*EXERCISE REQUIREMENTS*.
Aim for an exact copy of the listing, without any images.

*DATASET CONTENT*.
####
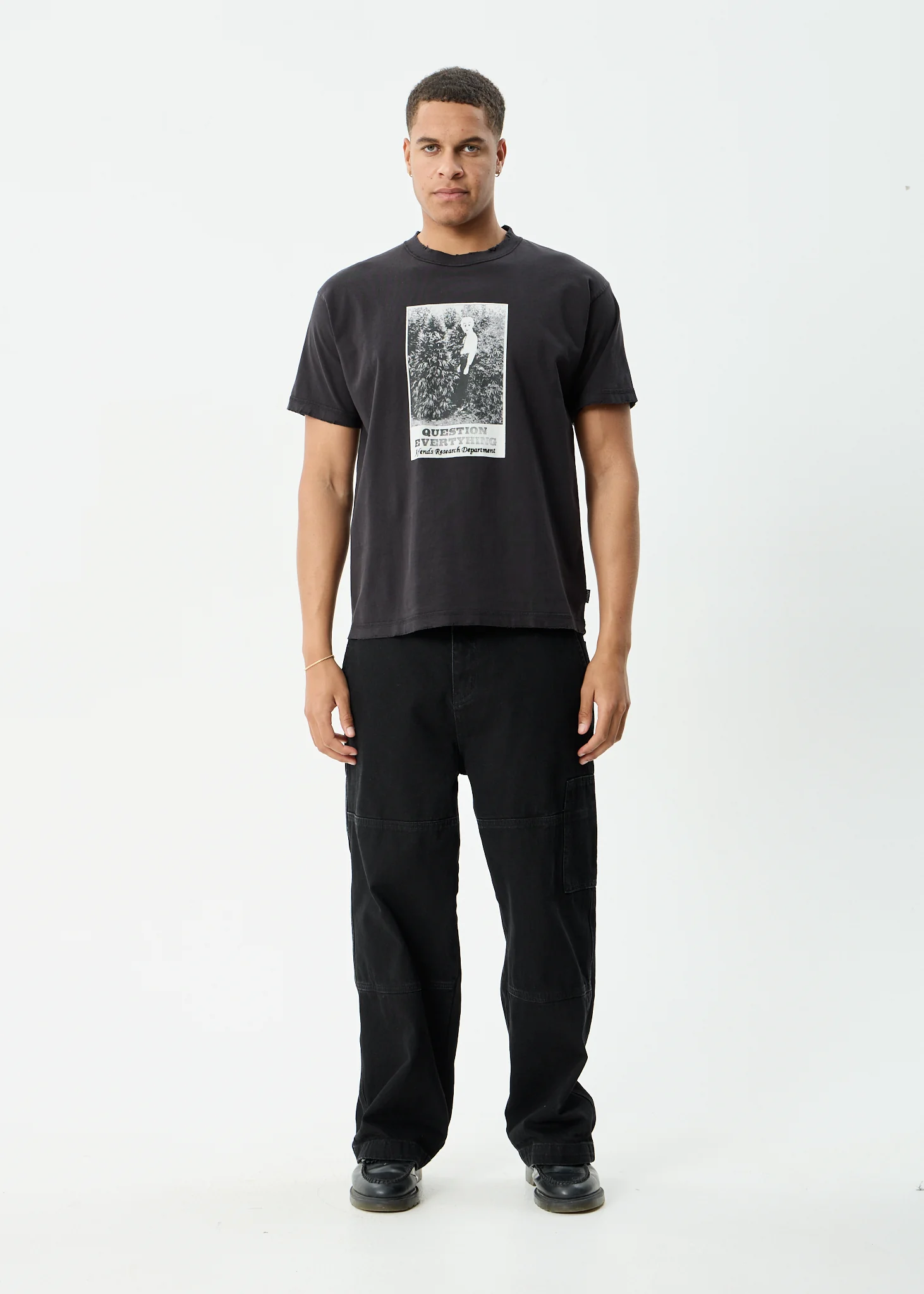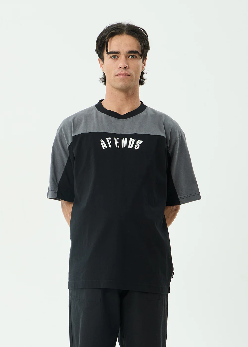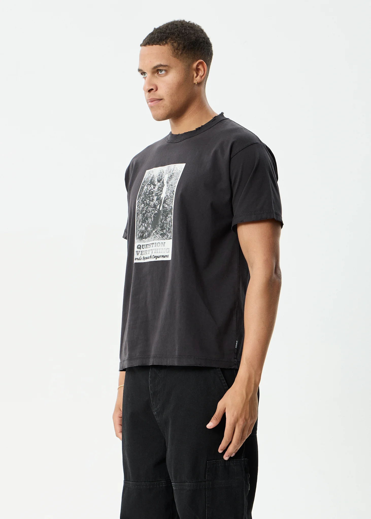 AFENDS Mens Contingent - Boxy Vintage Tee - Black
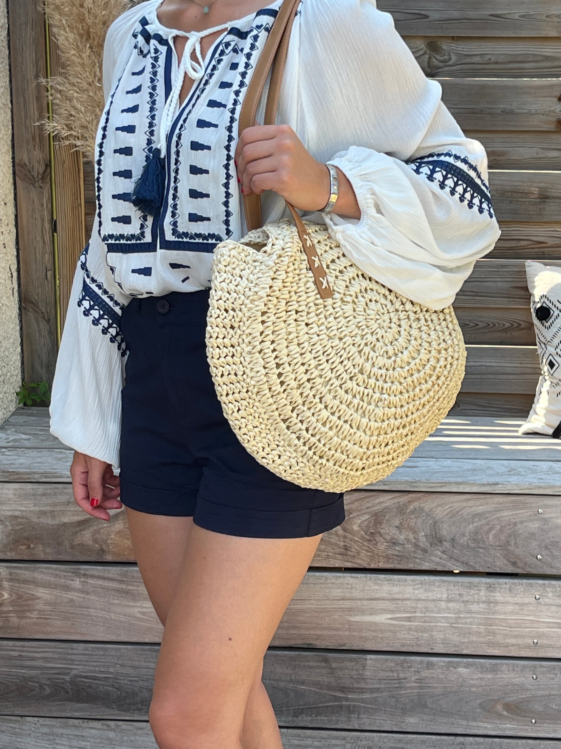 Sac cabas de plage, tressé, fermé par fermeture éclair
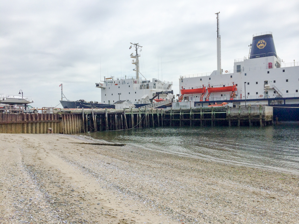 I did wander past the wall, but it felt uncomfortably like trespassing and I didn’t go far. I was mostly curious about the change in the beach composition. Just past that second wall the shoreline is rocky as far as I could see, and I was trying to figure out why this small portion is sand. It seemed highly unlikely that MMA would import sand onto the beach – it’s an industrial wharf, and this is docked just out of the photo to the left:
####
*EXERCISE RESPONSE*.
 AFENDS Mens Contingent - Boxy Vintage Tee - Black
 Sac cabas de plage, tressé, fermé par fermeture éclair
 I did wander past the wall, but it felt uncomfortably like trespassing and I didn’t go far. I was mostly curious about the change in the beach composition. Just past that second wall the shoreline is rocky as far as I could see, and I was trying to figure out why this small portion is sand. It seemed highly unlikely that MMA would import sand onto the beach – it’s an industrial wharf, and this is docked just out of the photo to the left:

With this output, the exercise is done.